American social worker and criminologist

Eleanor Touroff Glueck (April 12, 1898 – September 25, 1972) was an American social worker and criminologist. She and her husband Sheldon Glueck collaborated extensively on research related to juvenile delinquency and developed the "social prediction tables" model for ascertaining the likelihood of delinquent behavior in youth. They were the first criminologists to perform studies of chronic juvenile offenders and among the first to examine the effects of psychopathy among the more serious delinquents.

==Life and career==

Glueck was born Leonia Touroff in Brooklyn, New York, the only daughter of Russian immigrant Bernard Leo and Polish immigrant Anna Wodzislawska, although she had two brothers. Upon graduating from Hunter College High School in 1916, she majored in English at Barnard College and was awarded a B.A in 1920. She then entered the New York School of Social Work, where she met the psychologist Bernard Glueck, Sr., who was a forensic psychiatrist at Sing Sing Prison specializing in social work and criminology.

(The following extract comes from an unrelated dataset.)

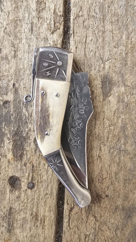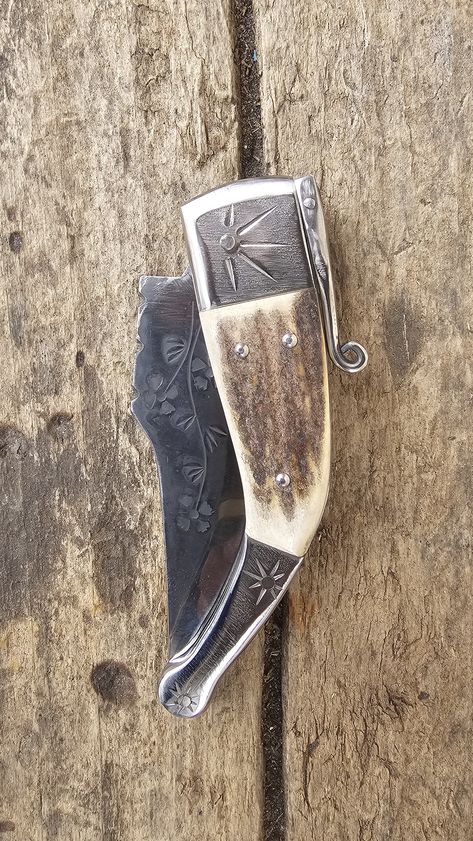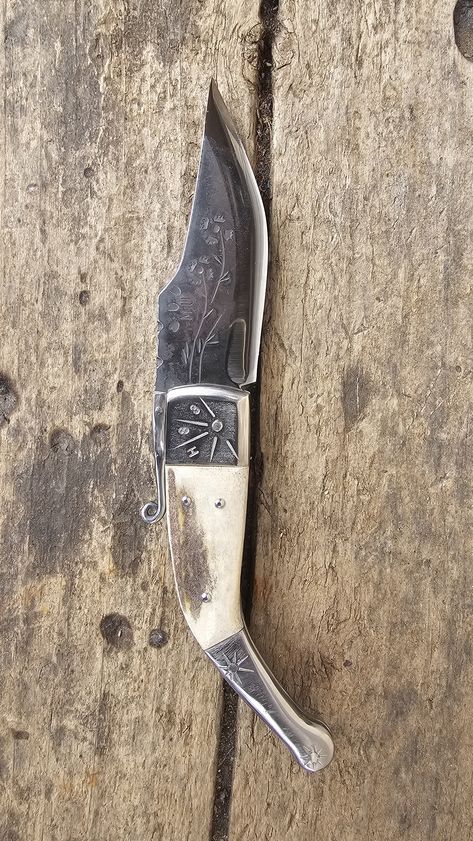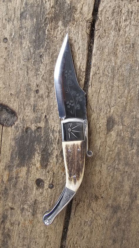 Hoja de Acero inoxidable mova, cachas en cuerno de Ciervo, forros, virola, palanquilla, rebajo y remaches, en acero inoxidable 304.

She also met Bernard's brother Sheldon Glueck, who helped her become head social worker at the Dorchester Community Center of Boston from 1921 to 1922. She married Sheldon Glueck on April 16, 1922.

In 1922, Glueck began her graduate school studies at the Harvard Graduate School of Education. She was awarded a M.Ed. in 1923 and an Ed.D. in 1925 with a thesis on The Community Use of Schools. Their only child, Anitra Joyce (1924–1956) was a poet. Glueck worked at the Harvard Law School as a research assistant from 1928 until 1953, while her husband was a professor there.

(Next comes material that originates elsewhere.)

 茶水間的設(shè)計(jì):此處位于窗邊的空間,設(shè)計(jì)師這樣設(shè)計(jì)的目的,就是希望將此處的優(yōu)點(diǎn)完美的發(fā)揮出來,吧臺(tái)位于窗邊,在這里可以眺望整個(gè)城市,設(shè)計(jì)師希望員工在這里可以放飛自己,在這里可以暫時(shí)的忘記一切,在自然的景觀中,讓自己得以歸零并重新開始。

Eleanor and Sheldon Glueck embarked upon an internationally recognized partnership in criminology that would last the remainder of their lives. They would collaborate on more than 250 publications, beginning with Five Hundred Criminal Careers (1930), followed by Five Hundred Delinquent Women (1934) and One Thousand Juvenile Delinquents (1934). For the juvenile delinquents, they made attempts to predict criminality using statistics, followed by the likelihood of their rehabilitation upon release. They were the first criminologists to perform studies of chronic juvenile offenders and among the first to examine the effects of psychopathy among the more serious delinquents. Their studies showed that psychopathy was 20 times more common among juvenile delinquents.

In 1940, they began a ten-year longitudinal study that was published as Unraveling Juvenile Delinquency (1950). This resulted in the Gluecks' "Social Prediction Tables" that gave predictions of the likelihood of juvenile delinquency based upon parameters from when the youths were six years old. In 1953, she became a research associate at a Harvard Law School Research Project that was investigating the causes, treatment and prevention of juvenile delinquency.

In 1947, the United Prison Association of Massachusetts awarded her its Parsons Memorial Award. Although Glueck never received a tenured appointment with the faculty, both Eleanor and Sheldon Glueck were awarded honorary Sc.D. from Harvard in 1958. She was elected a Fellow of the American Academy of Arts and Sciences in 1960. In 1969, Glueck was awarded a Distinguished Alumni Award from Barnard College. She was a trustee at the Judge Baker Guidance Center. She became a fellow with the International Society of Criminologists and the American Association for the Advancement of Science. The couple retired during the 1960s. Glueck accidentally drowned in a bathtub at her home in Cambridge, Massachusetts, at the age of 74.